Is My Worm Bin On Fire?

Here is a question from Heather:

Hi Bentley,
I have notice that the shredded bedding in my worm bin looks like it
has been burning (almost charred black and that brownish tinge). I
tried to wet it more, but then my worms seemed to disappear, so i
don’t know if I overwatered. Is it possible that my worm bin could be
heating up to the point where the paper is catching fire?
Thanks for helping me out. Love the newsletters too. very helpful.

Hi Heather,
That is indeed an intriguing question (and your subject header certainly made me smile). I’ll be honest, my initial reaction was “no way – not possible!”, but I decided that rather than assuming the role of a closed-minded ‘Negative Nelly’ (haha), I would look into it further.

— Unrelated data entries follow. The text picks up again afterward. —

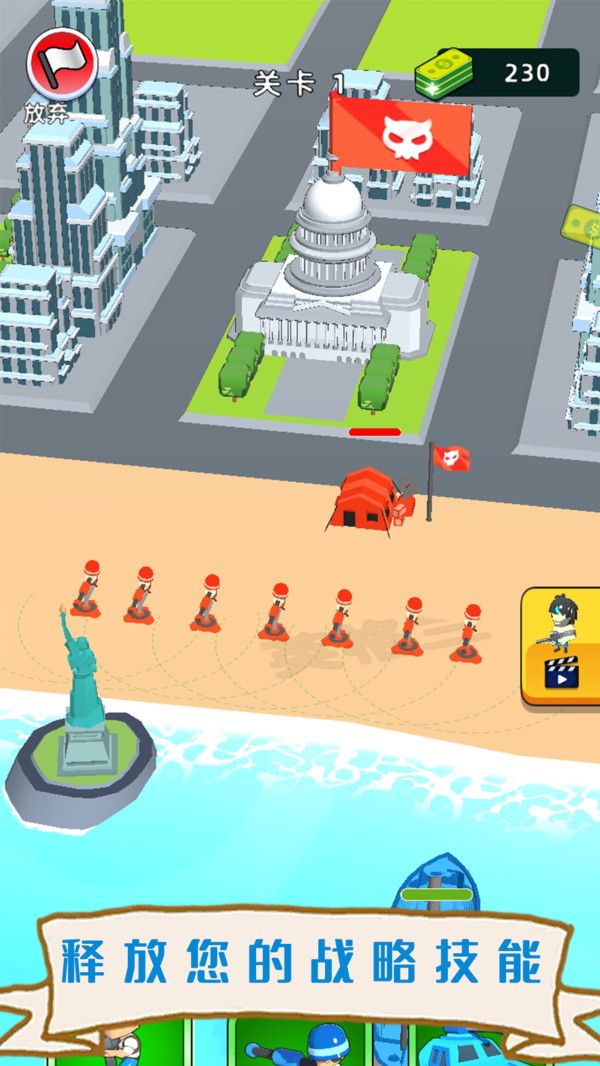 2、根据关卡敌人特点,选择合适武器装备部队,更快的控制局面。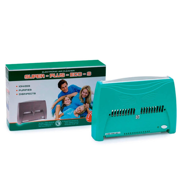 Очиститель-ионизатор воздуха с ароматизацией Супер Плюс ЭКО-С очистит воздух в помещении удалив в него, пыль, табачный дым, пыльцу растений, споры грибков, продукты жизнедеятельности домашних животных и клещей, оксиды серы, азота, тяжелых металлов. Встроенный ионизатор обогащает воздух в помещении озоном и делает его более свежим, бодрящим, приближенный к естественным природным характеристикам. Воздухоочиститель Супер Плюс Эко оказывает профилактическое и оздоравливающее воздействие при различных бронхолегочных заболеваний аллергической природы, расстройствах сна, устраняет синдром хронической усталости. Также очиститель ионизатор Супер Плюс ЭКО имеет электронную систему контроля состояния кассеты, которая информирует о необходимости чистки прибора, а также об отсутствии или неправильной установке кассеты в приборе.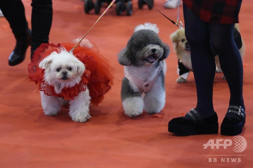 【12月6日 CNS】中国・江蘇省(Jiangsu)南京市(Nanjing)南京国際博覧中心(Nanjing International Expo Center)でこのほど、2018年中国(南京)寵物文化節が開催され、約100匹のさまざまな種類の犬が赤いじゅうたんの上を通って集団結婚式を行った。(c)CNS/JCM/AFPBB News

I have certainly heard of spontaneous combustion occurring in straw storage areas, and even in largescale compost heaps, but my assumption with home vermicomposting systems is that they are too small, and too wet! That being said, I decided to read up a little on the process to see what I could learn.

I found a lot of really interesting info on this page: Fire – Compost and Organic Matter.

The temperatures required for the spontaneous combustion of organic matter are apparently as low as 150-200 C (212-392 F). What’s really interesting, is that while the heating is initiated by microbes, once it gets up past 70-80 C (158-176 F) – i.e. once the microbes are killed off – heat-releasing chemical reactions take over, continuing to drive the temperatures upwards.

Large volumes of material seems to be one important requirement (just as it is with hot composting), since a certain ‘critical mass’ is required in order to overcome the various cooling mechanisms at work (air flow, evaporative cooling).

It seems that my notion about the material needing to be quite dry isn’t necessarily true. According to the article, moisture contents as high as 45% still fall within the acceptable range for initiating the process. Given the fact that moisture can quickly evaporate from a pile during hot composting, and that large compost heaps often sit outside in the sun, I can now see how this could easily happen.

Getting back to the idea of this happening in a worm bin…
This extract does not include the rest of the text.